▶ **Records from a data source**

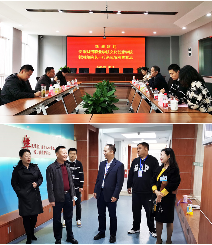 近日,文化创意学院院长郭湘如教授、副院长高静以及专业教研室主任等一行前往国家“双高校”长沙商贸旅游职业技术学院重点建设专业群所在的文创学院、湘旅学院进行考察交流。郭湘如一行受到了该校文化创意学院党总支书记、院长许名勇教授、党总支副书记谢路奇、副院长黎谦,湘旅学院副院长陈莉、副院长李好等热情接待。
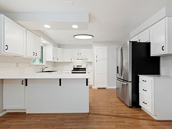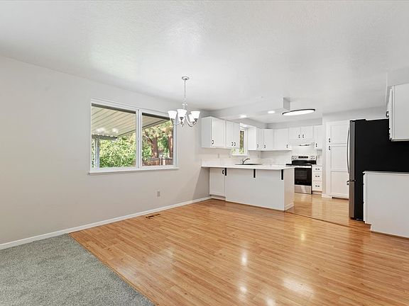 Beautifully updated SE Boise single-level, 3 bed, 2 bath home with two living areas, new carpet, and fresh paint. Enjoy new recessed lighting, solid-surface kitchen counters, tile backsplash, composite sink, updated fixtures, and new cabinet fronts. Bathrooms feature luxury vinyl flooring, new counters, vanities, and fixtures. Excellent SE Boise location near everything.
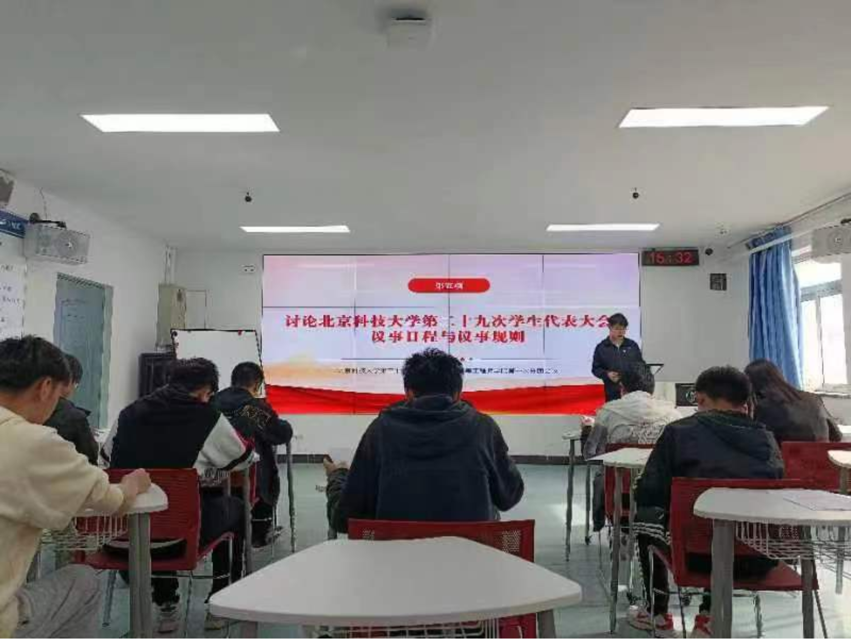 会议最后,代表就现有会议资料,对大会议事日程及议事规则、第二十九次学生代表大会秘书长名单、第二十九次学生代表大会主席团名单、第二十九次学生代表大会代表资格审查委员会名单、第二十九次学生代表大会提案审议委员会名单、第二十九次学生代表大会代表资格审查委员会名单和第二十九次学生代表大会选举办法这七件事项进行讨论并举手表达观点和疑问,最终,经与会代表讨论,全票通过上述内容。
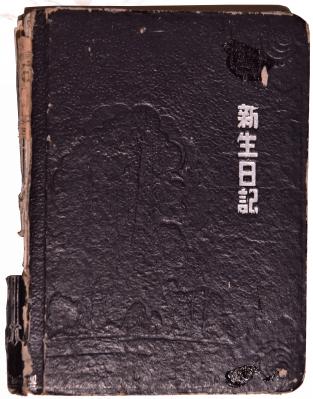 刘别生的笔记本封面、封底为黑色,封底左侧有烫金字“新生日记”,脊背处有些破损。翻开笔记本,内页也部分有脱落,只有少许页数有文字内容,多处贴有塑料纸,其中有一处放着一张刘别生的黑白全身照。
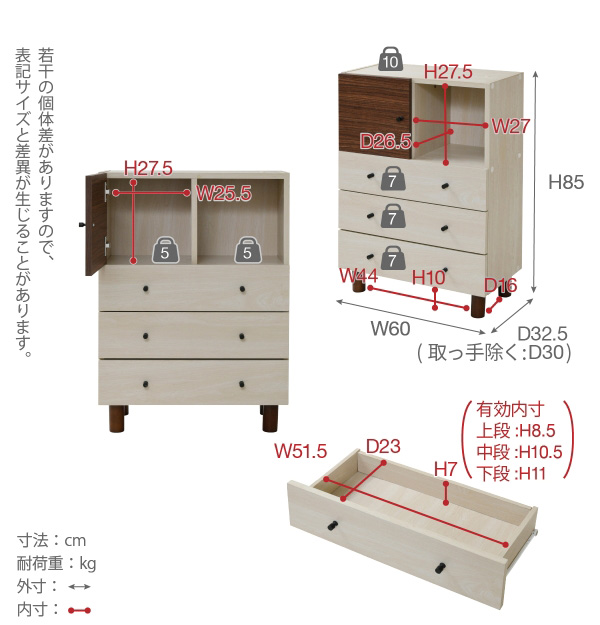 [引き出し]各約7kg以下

▶ **What you need to do**
Please set down exactly the lines from the one holding "刘别生的笔记本封面、封底为黑" through the last line of the entries, both ends included, and skip pictures.

▶ **The completed task**
 刘别生的笔记本封面、封底为黑色,封底左侧有烫金字“新生日记”,脊背处有些破损。翻开笔记本,内页也部分有脱落,只有少许页数有文字内容,多处贴有塑料纸,其中有一处放着一张刘别生的黑白全身照。
 [引き出し]各約7kg以下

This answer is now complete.